The Greenzo storyline also featured the best moment yet in Al Gore's Yes, I Have a Personality Tour, a big fat clue that Jack wasn't always the pawn to right-wing interests he is today (having interned for Teddy Kennedy), and a completely over-the-top and yet dead-on final moment/line with the prop Earth on fire and Liz saying, "This Earth is ruined! We've gotta get a new one!"
The Kenneth's party plot was just as funny, even if no sacred cows were slaughtered. (Then again, we don't know everything that happened at the party; Liz did something to make Grizz cry, and it may not just be her kissing.) It worked as both farce and a satire of the (Harvey) lemming-like quality of celebrity culture.
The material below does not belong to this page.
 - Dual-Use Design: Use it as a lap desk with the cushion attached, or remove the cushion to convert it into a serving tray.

Of course all of Tracy's lies were going to catch on and snowball, because who wants to risk being the only person who didn't show for a party featuring some combination of TI, Bob Logan from Texas Instruments, Fall-Out Boy, Foxy Boxing, and Hayden Panettiere taking a shower? (For another example of the herd mentality, see Jenna immediately removing her shoes after seeing Cerie barefoot.)
The comparison between the quick cuts of Kenneth's old parties (the best, of course, was Liz dressed as Harry Potter and dancing to "Werewolf Bar Mitzvah") and the complete debauchery of the last one provided a great bookend for the episode, and any chance to see Jack look that disheveled should not be missed. The joke that really stuck the landing for me was the Harlem Globetrotter randomly showing up and getting scolded for his behavior ("Does that name mean nothing to you?"), because it made the party seem even stranger and more nightmarish than any hint of Liz/Grizz sex or sink-stealing could.
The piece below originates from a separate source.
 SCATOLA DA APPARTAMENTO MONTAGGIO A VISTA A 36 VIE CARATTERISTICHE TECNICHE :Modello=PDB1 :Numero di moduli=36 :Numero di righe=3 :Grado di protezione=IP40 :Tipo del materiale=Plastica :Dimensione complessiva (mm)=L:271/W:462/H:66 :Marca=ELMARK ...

The Pete plot probably could have been placed into any episode, but Fey's terrified delivery of "What do you do with the Pop Tart?" kept it from just being a throwaway. (Also, it gave Liz the chance to say "Great, now I smell like midlife crisis.")
God, I love this show. I just want to stop right now and watch the episode again.
Some other thoughts on "Greenzo":
- Tracy's declaration that he loves Foxy Boxing because "It combines my two favorite things: boxing and referees!" was a quintessential zag when you expect a zig kind of "30 Rock" joke, and yet it also felt like something Lenny on "The Simpsons" might say. (Lenny, not Carl; the writers always give Lenny the best lines.)
- Speaking of both "Werewolf Bar Mitzvah" and the mysterious Harvey Lemmings, if you listen to the full-length version, Tracy mentions Lemmings (as the guy who taught him all those Jewish words like "haftorah") in the lyrics. If I were Liz, I wouldn't be so quick to assume he doesn't exist; does she not remember the Dr. Spaceman problem?
- Straw poll: who would want Jack to banish them to the same island where they disappeared Phil Donahue and the electric car?
- I love that Grizz and Dotcom desperately want Josh to think they're cool.
- Jack McBrayer is inherently funny even at normal speed, but Kenneth in slow motion made me laugh so much I had to hit rewind, or else I would have missed Tracy handling a snake.
- What exactly is ironic about listening to Schubert while viewing Canadian pornography?
- Speaking of geographic humor, has Holland replaced Sweden as the go-to place for jokes about hot, easy women?
- Jack's response to Liz's joke about cloning Geiss: "Think it through." Of course.
- Would Angie Harmon as Greenzo be a better use of her than "Women's Murder Club"?